Saturday 9 March 2013

Digitising the OED

Here's another snippet from The Information which was quite evocative.  In 1987, the Oxford English Dictionary elected to digitise itself.  They estimated that it was about a Gigabyte in size and would require 120 typists to capture the information on an IBM mainframe not a lot smaller that Charles Babbage's 1850s Analytical Engine.  That works out at about 600 elapsed hours of parallel typing - call it 4 months.  They were clearly in a hurry to get the information loaded up.

A tuthree years after the OED's mammoth project, I was analyzing DNA sequences.  We were living in interesting times because digitisation was coming in but wasn't fully implemented.  In 1982, a database of DNA sequences had been created. The first edition (the database is updated every two or three months) had about 600 entries and was sent circulated paper.  For the last 30 years, the database has been doubling in size every 18 months and now has 150 million entries comprising 150 billion base-pairs - the As Ts Cs and Gs that encode all life on earth.  The scientific journals were starting to implement a policy that they would only publish sequence-based papers if the sequence itself had been submitted to the DNA database.  But occasionally a key sequence would appear in the University library as hard-copy on paper and we'd be too impatient (young thrusters that we were) to wait for the next edition of the database to pick it up.  So we'd type it in.  It is really difficult to proof read  

ATGGCTATCGACGAAAACAAACAGAAAGCGTTGGCGGCAGCACTGGGCCAGATTGAGAAA

so the standard practice was to type the sequence in twice and hope that the two version were identical and then fix the discrepancies.  Just like the OED, it seemed smarter and quicker to have two people type the sequence in parallel and then run the comparison. Which inevitably led (young thrusters that we were) to a race.  Typically the task would be a kilobase (1024 ATCGs) and I can't remember how long it took us then; I've just spend 20 minutes typing in a kilobase to see, but we must have been quicker than that. 

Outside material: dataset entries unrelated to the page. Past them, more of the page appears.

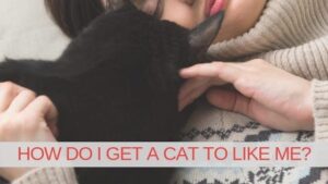 woman petting black cat
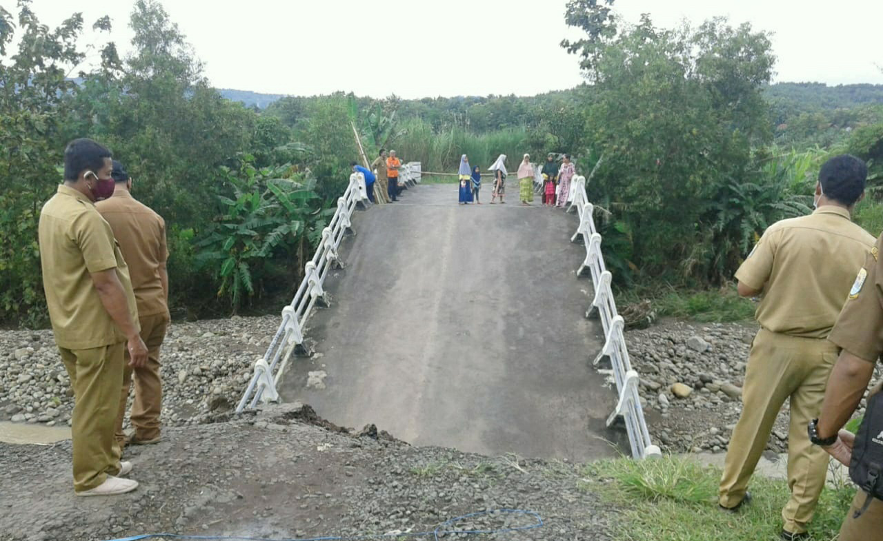 “Kami sudah antisipasi untuk pembuatan jembatan darurat. Tapi bukan jembatan gantung. Kita siapkan mulai hari ini (kemarin, red). Panjangnya sesuai jembatan semula yaitu 30 meter, hanya lebarnya saja dari 4 meter kita buat 1,5 meter saja,” kata Iwan, Selasa (2/2/2021).
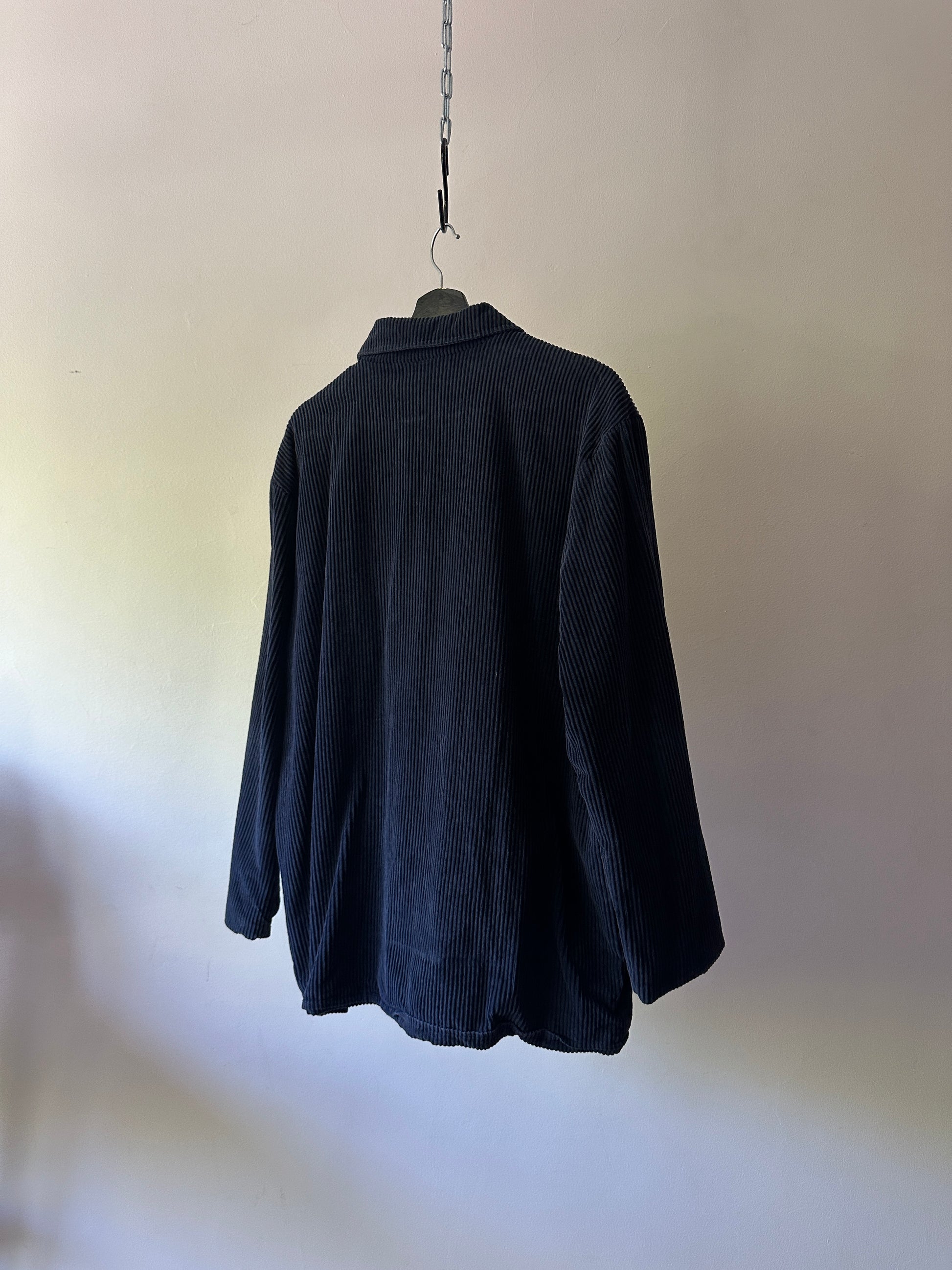 description. we LOVE a corduroy piece. this is such a good coat to have in your closet for winter, autumn, any day, any temperature. the oversize fit, slouchy pockets with button up closure.
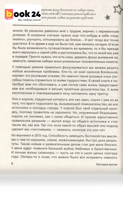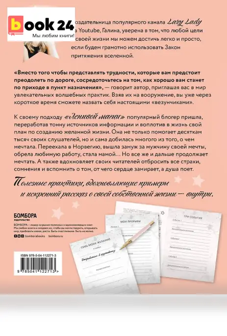 Любой человек может стать тем, кем захочет, получить то, что желает получить, – в какой бы отправной точке он ни находился. Вселенная всегда дает нам то, что мы просим. Главное, соблюдать несколько простых условий. Хорошо себя чувствовать здесь и сейчас. Не просто знать алгоритм действия Закона притяжения, но и проживать его каждый день. И быть готовыми принять то, о чем мечтаем. Галина Бондарь – создатель популярного канала Lazy Lady на Youtube, где она рассказывает о том, как сделать свою жизнь лучше. Почему «ленивая»? Потому что, живя в мире, требующем от нас бесконечных бессмысленных действий, важно помнить, что нашу жизнь творят не усилия, а, прежде всего, мысли. А потом уже реальность подстраивается под работу разума. Именно поэтому в жизни так и получается, что одним – все, а другим – ничего. В своей книге-практикуме Lazy Lady убедительно доказывает: у вас УЖЕ есть все, чтобы получить желаемое. Верьте в то, что у вас УЖЕ все прекрасно. И вы достаточно хороши для того, чтобы обрести желаемое. Не нужно к чему-то готовиться, становиться мудрее, талантливее, копить навыки, которые помогут достигнуть цели. Главная цель этой книги – чтобы через короткое время вы смело могли назвать себя «везунчиками». Просто позвольте себе быть счастливыми.
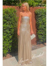 Shiny Metallic Stretch Fabric Sweetheart Sleeveless A-Line Floor Length Graduation Dress, PD4081
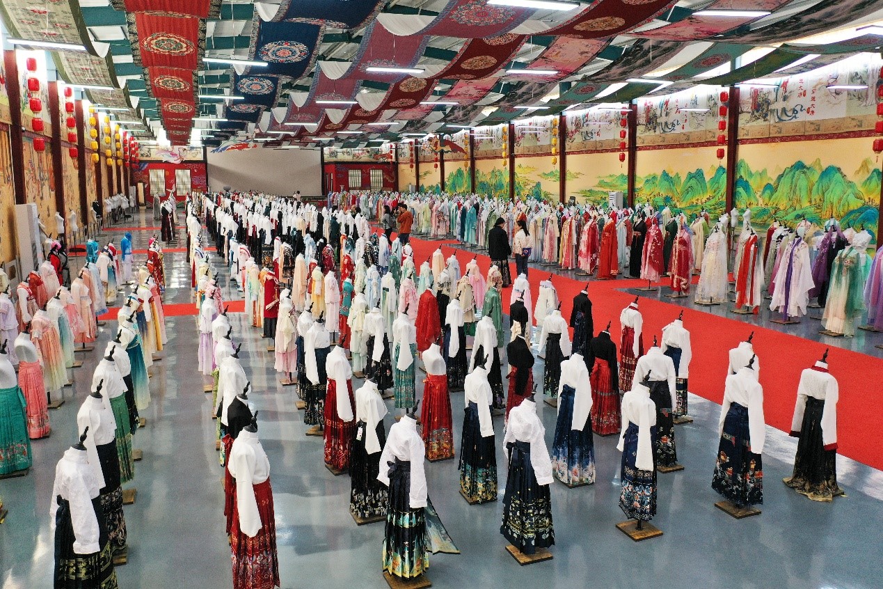 Thanks to the mamianqun's popularity on Douyin, a popular short-video platform, the county has introduced 124 offline Hanfu experience stores and 170 studios. More than 90 percent of the Hanfu designs are original, creating a complete industry chain and brand incubation system that includes design, cutting, embroidery, printing, and finished clothing.
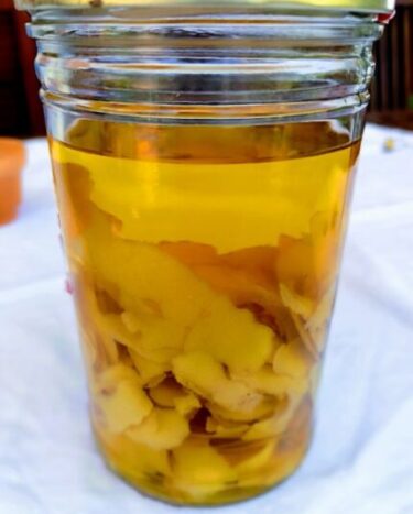 Neem een glazen pot met een luchtdichte sluiting en doe de citroenschillen erin, voeg dan de alcohol toe in de pot, zorg ervoor dat alle schillen ondergedompeld zijn.
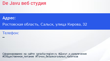 De Javu, веб-студия по адресу Ростовская область, Сальск, улица Кирова, 32 в дальнейшем Организация, размещена в следующих категориях:
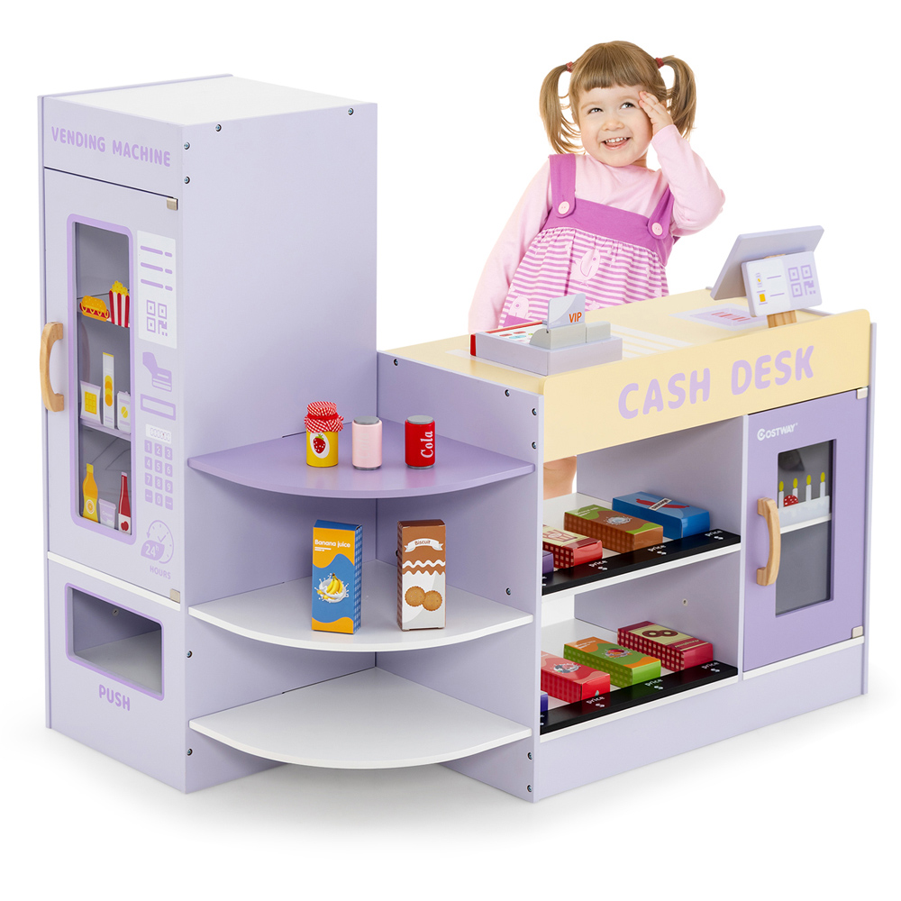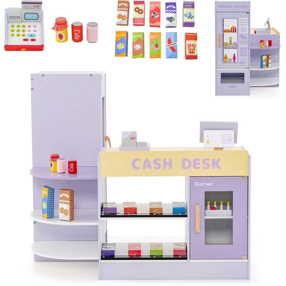 Engage your children in fun and creative activities with Costway Purple Kids Wooden Grocery Store Supermarket Toy Set. This grocery store set, complete with a checkout counter and vending machine, offers kids a realistic supermarket role-play experience. They can check out items or write prices on the chalkboard, and the multiple storage shelves help them organize groceries, fostering good habits. This set also aids in developing fine motor skills, hand-eye coordination, creativity, and imagination. The set includes a screen, POS machine, scanning area, and conveyor belt patterns for a true checkout experience, along with a fun vending machine for simulated shopping. The writable chalkboard adds an extra layer of fun. It comes with 13 play food items, including canned drinks, juices, biscuits, sweets, and more, providing a realistic experience. Made from thick boards and solid wood accessories, this grocery store set is durable and safe, with rounded corners to prevent scratches. It features 3 open shelves, a 2-tier display rack, and a single-door cabinet with a shelf, offering ample storage space for organizing groceries. This helps kids develop good organizational habits. Ideal for children aged 3-8, this educational toy promotes learning about calculation, hands-on ability, imagination, and creativity. It makes a perfect gift, providing endless fun and learning opportunities.
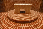 De røde teglsten dominerer også indvendigt hvor alt inventar er udført i lyst træ.
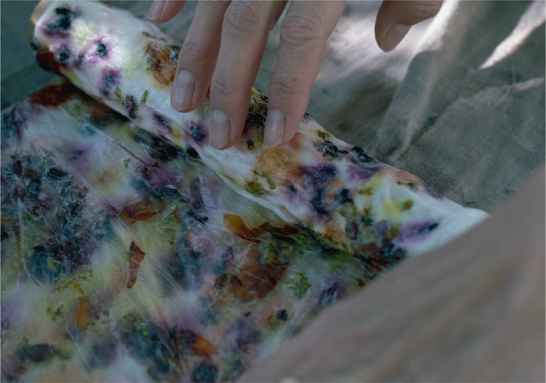 草花に触れ、散りばめて、蒸しあげて草花を転写する染め体験。
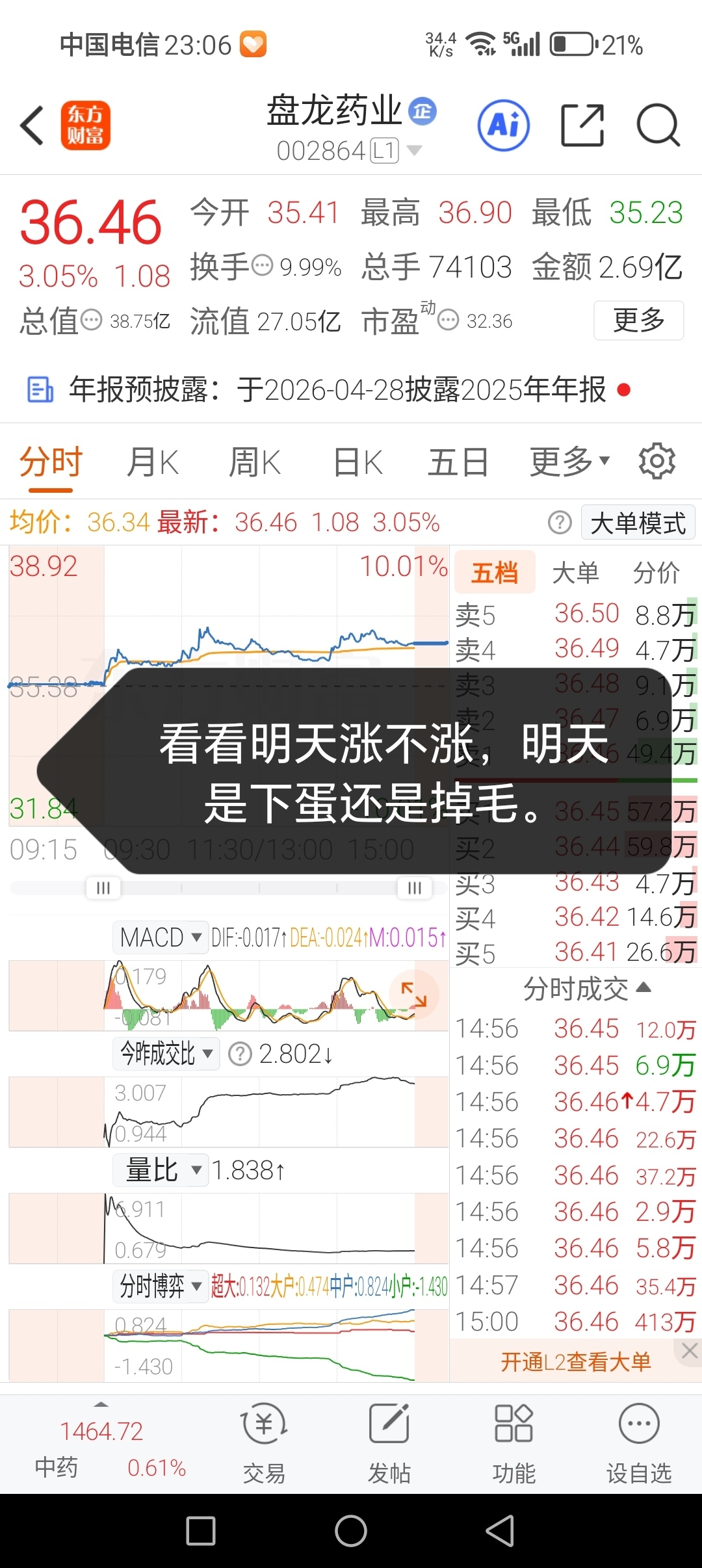 $盘龙药业(SZ002864)$
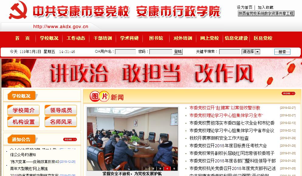 中共安康市委党校是在市委直接领导下培养党员领导干部和理论干部的学校,是党委的重要部门,是培训轮训党政领导干部的主渠道,是党的哲学社会科学研究机构。中共安康市委党校原名为中共安康地委党校,成立于1956年,迄今已走过60年历程,其中文革期间(1969年10月)改名为安康地区“五、七”干校,迁址安康县恒口区;1978年重正其名,并迁回安康城区。1985年7月1日,中共陕西省委正式批准中共安康地委党校为大专体制;1989年3月成立中央党校函授学院安康学区;1991年党校升格为副地级单位;1993年创办地委党校大专走读教育;1997年1月,安康地区行政学院挂牌成立。2000年地改市后改名为中共安康市委党校、安康市行政学院至今。2012年8月正式迁入安康市高新区江北花园大道中段新校(院)区。校(院)内设办公室、培训处(教务处)、总务处、工作处、科研处、经济管理教研室、哲学文史教研室、科社法学教研室、图书馆等9个副处级机构,另设财务室1个科级机构。现有副县级以上干部13人,科级干部7人。党员51人,占80%,硕土研究生7人,研究生17人,本科32人,专科9人,大专以上占98.5%,本科以上占83.9%;专业教师26人,其中:教授2人,副教授11人。2009年12月,我校正式由校党委转变为校务委员会领导体制。2010年1月,设立市委党校机关党委,机关党委下设10个党支部。对十个县区委党校(汉滨区、汉阴县、石泉县、宁陕县、紫阳县、岚皋县、平利县、填坪县、白河县、旬阳县)有业务指导关系。为响应市委、市政府关于加快江北新区建设的号召,改善党校的办学条件,促进党校事业发展,市委党校根据市委、市政府的决策,将党校原校址的校产于2009年5月15日,以8000万元的最终竞价整体拍卖成功,并开始北迁新建筹备工作。根据中、省关于党校工作的有关规定,结合市级党校功能定位及我市建设规划要求,我校按照 “园林式、生态化、现代化、人文化、经典化”的设计理念,坚持充分利用地形地貌,体现安康地理特征,着力创造依山临水建筑群体,突出人文自然特色和浓厚校园气息的指导原则,新校园整体规划设计为教学图书区、办公区、学员公寓服务区、运动休闲区、拓展训练区及生态停车区等六大区域,建设总规模3.14万㎡,其中综合办公楼、教学图书楼、大礼堂合计1.16万㎡己于2012年7月建成并投入使用。新建的校园具有较好的学习环境,将为安康的干部培训提供优良的教学环境和更广阔教育空间。

Now 20 minutes of a task is the kind of effort that it's probably best to just 'suck it up' and do it rather than spending 20 minutes thinking up a niftier, more efficient way to doing it IF the task presents infrequently.  But I did wonder, back then, if it would be quicker to stick A T C G on the numeric pad of the keyboard, type 112343132431232431222 etc etc and convert the numbers to A T C G afterwards - those letters being rather awkwardly placed on the QWERTY keyboard.  It was certainly quicker to type from dictation if you could persuade someone to read the letters over to you.